## PROBLEM TO SOLVE
With the exception of the pictures, write out the data below precisely.

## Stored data
=== Begin Enclosure ===

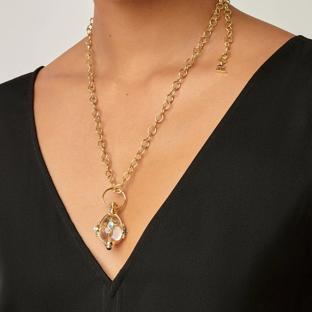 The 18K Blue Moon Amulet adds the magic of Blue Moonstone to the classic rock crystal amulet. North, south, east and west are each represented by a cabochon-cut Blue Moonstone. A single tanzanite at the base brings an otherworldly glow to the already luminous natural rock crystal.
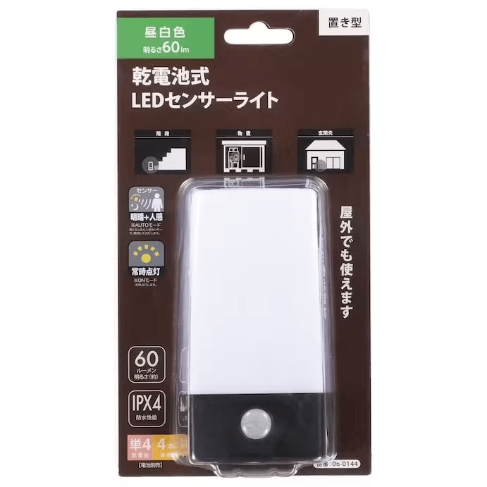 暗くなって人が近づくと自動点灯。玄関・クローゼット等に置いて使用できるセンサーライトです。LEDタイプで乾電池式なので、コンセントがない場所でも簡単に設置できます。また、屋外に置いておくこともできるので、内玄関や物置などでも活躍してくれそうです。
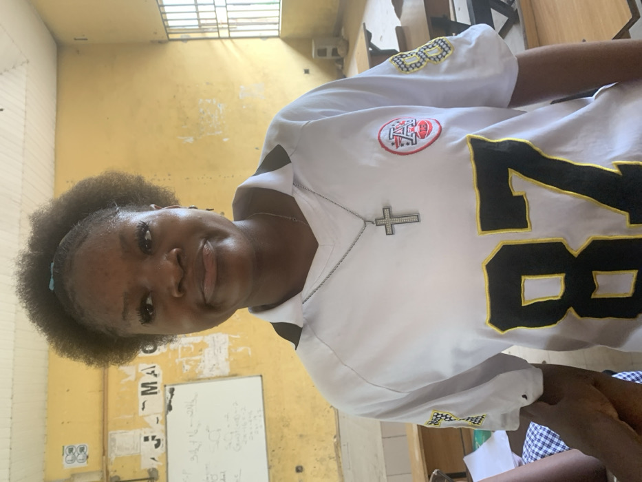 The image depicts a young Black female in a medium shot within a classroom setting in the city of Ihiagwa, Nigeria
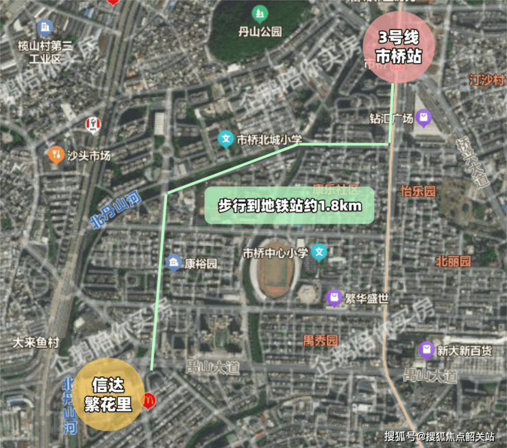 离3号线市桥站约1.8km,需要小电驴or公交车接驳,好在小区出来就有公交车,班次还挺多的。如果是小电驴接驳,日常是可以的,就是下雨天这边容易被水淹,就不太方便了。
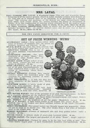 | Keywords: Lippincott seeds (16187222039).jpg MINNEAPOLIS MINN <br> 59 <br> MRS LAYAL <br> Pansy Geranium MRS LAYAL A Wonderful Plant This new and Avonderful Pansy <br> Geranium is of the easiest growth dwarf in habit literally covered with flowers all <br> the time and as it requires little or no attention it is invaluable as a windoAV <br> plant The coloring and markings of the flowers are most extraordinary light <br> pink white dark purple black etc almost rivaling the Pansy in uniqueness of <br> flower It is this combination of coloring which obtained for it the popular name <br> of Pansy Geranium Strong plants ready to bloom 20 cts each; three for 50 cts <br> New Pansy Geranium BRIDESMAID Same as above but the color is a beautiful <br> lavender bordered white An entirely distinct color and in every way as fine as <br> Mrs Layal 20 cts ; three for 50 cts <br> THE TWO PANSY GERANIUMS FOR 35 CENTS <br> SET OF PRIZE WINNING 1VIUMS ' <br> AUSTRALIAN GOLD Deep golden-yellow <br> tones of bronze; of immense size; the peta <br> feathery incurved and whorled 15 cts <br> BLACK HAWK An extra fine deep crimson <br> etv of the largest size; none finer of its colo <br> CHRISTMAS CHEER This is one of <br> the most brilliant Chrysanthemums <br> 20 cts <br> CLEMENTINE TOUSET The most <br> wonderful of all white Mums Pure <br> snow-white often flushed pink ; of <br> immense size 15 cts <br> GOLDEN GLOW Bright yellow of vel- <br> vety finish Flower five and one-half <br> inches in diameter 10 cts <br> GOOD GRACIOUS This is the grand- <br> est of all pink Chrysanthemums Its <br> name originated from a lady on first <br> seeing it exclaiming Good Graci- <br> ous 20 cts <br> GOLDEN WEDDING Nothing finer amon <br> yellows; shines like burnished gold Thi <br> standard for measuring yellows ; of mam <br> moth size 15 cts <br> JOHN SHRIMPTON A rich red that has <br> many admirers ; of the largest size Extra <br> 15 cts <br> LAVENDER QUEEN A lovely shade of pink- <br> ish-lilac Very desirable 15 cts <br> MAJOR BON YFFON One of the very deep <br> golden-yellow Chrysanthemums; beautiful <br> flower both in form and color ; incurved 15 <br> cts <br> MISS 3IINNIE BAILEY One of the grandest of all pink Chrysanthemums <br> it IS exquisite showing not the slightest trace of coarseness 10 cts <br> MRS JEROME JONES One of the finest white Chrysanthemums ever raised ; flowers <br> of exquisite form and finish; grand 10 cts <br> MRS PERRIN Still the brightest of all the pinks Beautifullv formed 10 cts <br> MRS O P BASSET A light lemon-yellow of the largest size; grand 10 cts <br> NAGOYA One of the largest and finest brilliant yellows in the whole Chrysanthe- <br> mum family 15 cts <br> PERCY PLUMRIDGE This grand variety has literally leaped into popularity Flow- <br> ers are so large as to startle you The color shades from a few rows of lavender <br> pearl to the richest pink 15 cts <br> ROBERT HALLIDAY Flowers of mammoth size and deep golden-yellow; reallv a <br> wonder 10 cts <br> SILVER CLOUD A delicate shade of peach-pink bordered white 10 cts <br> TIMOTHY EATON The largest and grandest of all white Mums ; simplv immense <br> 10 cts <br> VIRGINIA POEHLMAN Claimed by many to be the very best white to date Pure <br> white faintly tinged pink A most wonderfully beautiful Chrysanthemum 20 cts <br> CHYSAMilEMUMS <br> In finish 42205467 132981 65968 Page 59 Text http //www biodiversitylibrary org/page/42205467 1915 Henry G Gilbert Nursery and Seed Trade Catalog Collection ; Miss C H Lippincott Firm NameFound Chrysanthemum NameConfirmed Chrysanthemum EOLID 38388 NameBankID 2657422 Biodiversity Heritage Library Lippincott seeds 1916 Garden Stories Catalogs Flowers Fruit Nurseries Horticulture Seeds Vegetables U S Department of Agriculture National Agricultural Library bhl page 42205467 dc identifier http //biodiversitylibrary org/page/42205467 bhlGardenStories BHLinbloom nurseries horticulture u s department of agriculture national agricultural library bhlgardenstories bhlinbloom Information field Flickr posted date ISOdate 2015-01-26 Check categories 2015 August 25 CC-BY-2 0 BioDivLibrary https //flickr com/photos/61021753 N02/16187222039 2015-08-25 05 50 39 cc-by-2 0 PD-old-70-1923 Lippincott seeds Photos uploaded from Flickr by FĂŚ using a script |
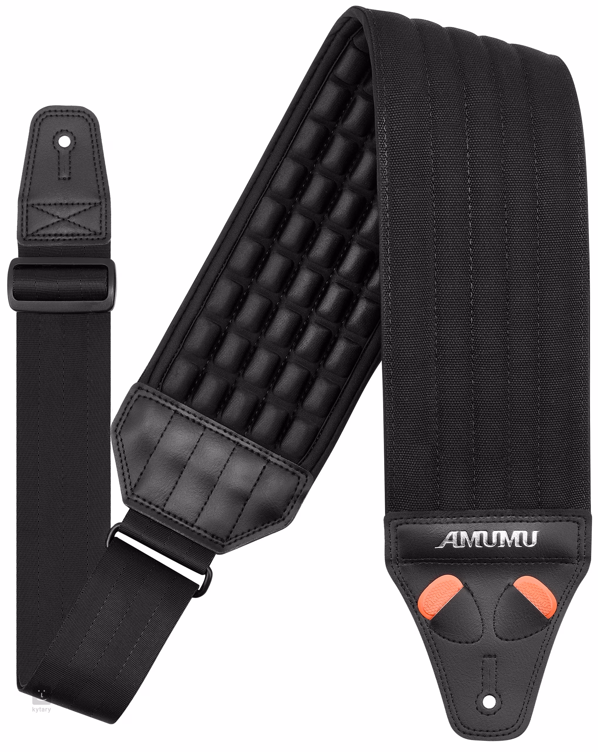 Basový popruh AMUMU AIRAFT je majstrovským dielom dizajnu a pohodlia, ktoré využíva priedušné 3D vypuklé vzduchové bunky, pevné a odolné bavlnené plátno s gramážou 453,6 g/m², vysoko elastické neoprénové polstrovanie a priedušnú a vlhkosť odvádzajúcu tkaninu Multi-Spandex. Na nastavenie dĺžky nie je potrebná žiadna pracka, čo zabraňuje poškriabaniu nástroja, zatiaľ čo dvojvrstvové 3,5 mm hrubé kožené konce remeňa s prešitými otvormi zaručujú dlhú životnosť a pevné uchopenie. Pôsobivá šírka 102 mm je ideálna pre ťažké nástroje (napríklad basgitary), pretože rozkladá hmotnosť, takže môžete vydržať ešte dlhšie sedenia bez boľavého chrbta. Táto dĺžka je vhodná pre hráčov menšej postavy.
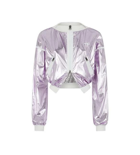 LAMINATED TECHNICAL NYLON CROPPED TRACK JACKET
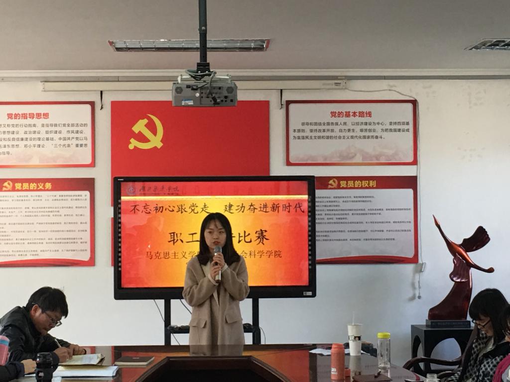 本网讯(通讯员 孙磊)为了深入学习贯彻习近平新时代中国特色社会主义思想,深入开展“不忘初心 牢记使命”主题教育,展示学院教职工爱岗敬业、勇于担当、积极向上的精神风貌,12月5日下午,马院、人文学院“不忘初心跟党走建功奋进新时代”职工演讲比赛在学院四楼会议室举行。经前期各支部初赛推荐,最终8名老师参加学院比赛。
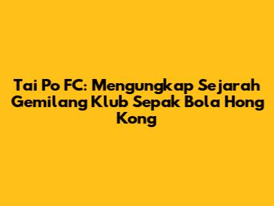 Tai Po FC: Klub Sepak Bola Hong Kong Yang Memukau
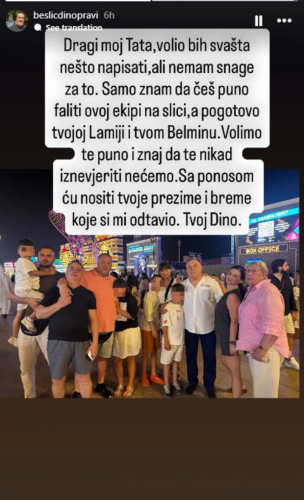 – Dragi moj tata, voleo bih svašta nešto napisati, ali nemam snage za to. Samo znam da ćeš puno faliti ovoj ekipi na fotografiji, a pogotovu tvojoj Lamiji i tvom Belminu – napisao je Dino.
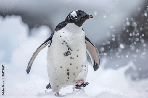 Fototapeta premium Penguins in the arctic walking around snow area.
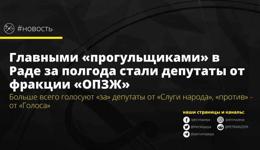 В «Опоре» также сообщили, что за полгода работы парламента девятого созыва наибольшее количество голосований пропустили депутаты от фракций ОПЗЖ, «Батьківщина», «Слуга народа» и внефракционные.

=== End Enclosure ===

## EXERCISE SOLUTION
 The 18K Blue Moon Amulet adds the magic of Blue Moonstone to the classic rock crystal amulet. North, south, east and west are each represented by a cabochon-cut Blue Moonstone. A single tanzanite at the base brings an otherworldly glow to the already luminous natural rock crystal.
 暗くなって人が近づくと自動点灯。玄関・クローゼット等に置いて使用できるセンサーライトです。LEDタイプで乾電池式なので、コンセントがない場所でも簡単に設置できます。また、屋外に置いておくこともできるので、内玄関や物置などでも活躍してくれそうです。
 The image depicts a young Black female in a medium shot within a classroom setting in the city of Ihiagwa, Nigeria
 离3号线市桥站约1.8km,需要小电驴or公交车接驳,好在小区出来就有公交车,班次还挺多的。如果是小电驴接驳,日常是可以的,就是下雨天这边容易被水淹,就不太方便了。
 | Keywords: Lippincott seeds (16187222039).jpg MINNEAPOLIS MINN <br> 59 <br> MRS LAYAL <br> Pansy Geranium MRS LAYAL A Wonderful Plant This new and Avonderful Pansy <br> Geranium is of the easiest growth dwarf in habit literally covered with flowers all <br> the time and as it requires little or no attention it is invaluable as a windoAV <br> plant The coloring and markings of the flowers are most extraordinary light <br> pink white dark purple black etc almost rivaling the Pansy in uniqueness of <br> flower It is this combination of coloring which obtained for it the popular name <br> of Pansy Geranium Strong plants ready to bloom 20 cts each; three for 50 cts <br> New Pansy Geranium BRIDESMAID Same as above but the color is a beautiful <br> lavender bordered white An entirely distinct color and in every way as fine as <br> Mrs Layal 20 cts ; three for 50 cts <br> THE TWO PANSY GERANIUMS FOR 35 CENTS <br> SET OF PRIZE WINNING 1VIUMS ' <br> AUSTRALIAN GOLD Deep golden-yellow <br> tones of bronze; of immense size; the peta <br> feathery incurved and whorled 15 cts <br> BLACK HAWK An extra fine deep crimson <br> etv of the largest size; none finer of its colo <br> CHRISTMAS CHEER This is one of <br> the most brilliant Chrysanthemums <br> 20 cts <br> CLEMENTINE TOUSET The most <br> wonderful of all white Mums Pure <br> snow-white often flushed pink ; of <br> immense size 15 cts <br> GOLDEN GLOW Bright yellow of vel- <br> vety finish Flower five and one-half <br> inches in diameter 10 cts <br> GOOD GRACIOUS This is the grand- <br> est of all pink Chrysanthemums Its <br> name originated from a lady on first <br> seeing it exclaiming Good Graci- <br> ous 20 cts <br> GOLDEN WEDDING Nothing finer amon <br> yellows; shines like burnished gold Thi <br> standard for measuring yellows ; of mam <br> moth size 15 cts <br> JOHN SHRIMPTON A rich red that has <br> many admirers ; of the largest size Extra <br> 15 cts <br> LAVENDER QUEEN A lovely shade of pink- <br> ish-lilac Very desirable 15 cts <br> MAJOR BON YFFON One of the very deep <br> golden-yellow Chrysanthemums; beautiful <br> flower both in form and color ; incurved 15 <br> cts <br> MISS 3IINNIE BAILEY One of the grandest of all pink Chrysanthemums <br> it IS exquisite showing not the slightest trace of coarseness 10 cts <br> MRS JEROME JONES One of the finest white Chrysanthemums ever raised ; flowers <br> of exquisite form and finish; grand 10 cts <br> MRS PERRIN Still the brightest of all the pinks Beautifullv formed 10 cts <br> MRS O P BASSET A light lemon-yellow of the largest size; grand 10 cts <br> NAGOYA One of the largest and finest brilliant yellows in the whole Chrysanthe- <br> mum family 15 cts <br> PERCY PLUMRIDGE This grand variety has literally leaped into popularity Flow- <br> ers are so large as to startle you The color shades from a few rows of lavender <br> pearl to the richest pink 15 cts <br> ROBERT HALLIDAY Flowers of mammoth size and deep golden-yellow; reallv a <br> wonder 10 cts <br> SILVER CLOUD A delicate shade of peach-pink bordered white 10 cts <br> TIMOTHY EATON The largest and grandest of all white Mums ; simplv immense <br> 10 cts <br> VIRGINIA POEHLMAN Claimed by many to be the very best white to date Pure <br> white faintly tinged pink A most wonderfully beautiful Chrysanthemum 20 cts <br> CHYSAMilEMUMS <br> In finish 42205467 132981 65968 Page 59 Text http //www biodiversitylibrary org/page/42205467 1915 Henry G Gilbert Nursery and Seed Trade Catalog Collection ; Miss C H Lippincott Firm NameFound Chrysanthemum NameConfirmed Chrysanthemum EOLID 38388 NameBankID 2657422 Biodiversity Heritage Library Lippincott seeds 1916 Garden Stories Catalogs Flowers Fruit Nurseries Horticulture Seeds Vegetables U S Department of Agriculture National Agricultural Library bhl page 42205467 dc identifier http //biodiversitylibrary org/page/42205467 bhlGardenStories BHLinbloom nurseries horticulture u s department of agriculture national agricultural library bhlgardenstories bhlinbloom Information field Flickr posted date ISOdate 2015-01-26 Check categories 2015 August 25 CC-BY-2 0 BioDivLibrary https //flickr com/photos/61021753 N02/16187222039 2015-08-25 05 50 39 cc-by-2 0 PD-old-70-1923 Lippincott seeds Photos uploaded from Flickr by FĂŚ using a script |
 Basový popruh AMUMU AIRAFT je majstrovským dielom dizajnu a pohodlia, ktoré využíva priedušné 3D vypuklé vzduchové bunky, pevné a odolné bavlnené plátno s gramážou 453,6 g/m², vysoko elastické neoprénové polstrovanie a priedušnú a vlhkosť odvádzajúcu tkaninu Multi-Spandex. Na nastavenie dĺžky nie je potrebná žiadna pracka, čo zabraňuje poškriabaniu nástroja, zatiaľ čo dvojvrstvové 3,5 mm hrubé kožené konce remeňa s prešitými otvormi zaručujú dlhú životnosť a pevné uchopenie. Pôsobivá šírka 102 mm je ideálna pre ťažké nástroje (napríklad basgitary), pretože rozkladá hmotnosť, takže môžete vydržať ešte dlhšie sedenia bez boľavého chrbta. Táto dĺžka je vhodná pre hráčov menšej postavy.
 LAMINATED TECHNICAL NYLON CROPPED TRACK JACKET
 本网讯(通讯员 孙磊)为了深入学习贯彻习近平新时代中国特色社会主义思想,深入开展“不忘初心 牢记使命”主题教育,展示学院教职工爱岗敬业、勇于担当、积极向上的精神风貌,12月5日下午,马院、人文学院“不忘初心跟党走建功奋进新时代”职工演讲比赛在学院四楼会议室举行。经前期各支部初赛推荐,最终8名老师参加学院比赛。
 Tai Po FC: Klub Sepak Bola Hong Kong Yang Memukau
 – Dragi moj tata, voleo bih svašta nešto napisati, ali nemam snage za to. Samo znam da ćeš puno faliti ovoj ekipi na fotografiji, a pogotovu tvojoj Lamiji i tvom Belminu – napisao je Dino.
 Fototapeta premium Penguins in the arctic walking around snow area.
 В «Опоре» также сообщили, что за полгода работы парламента девятого созыва наибольшее количество голосований пропустили депутаты от фракций ОПЗЖ, «Батьківщина», «Слуга народа» и внефракционные.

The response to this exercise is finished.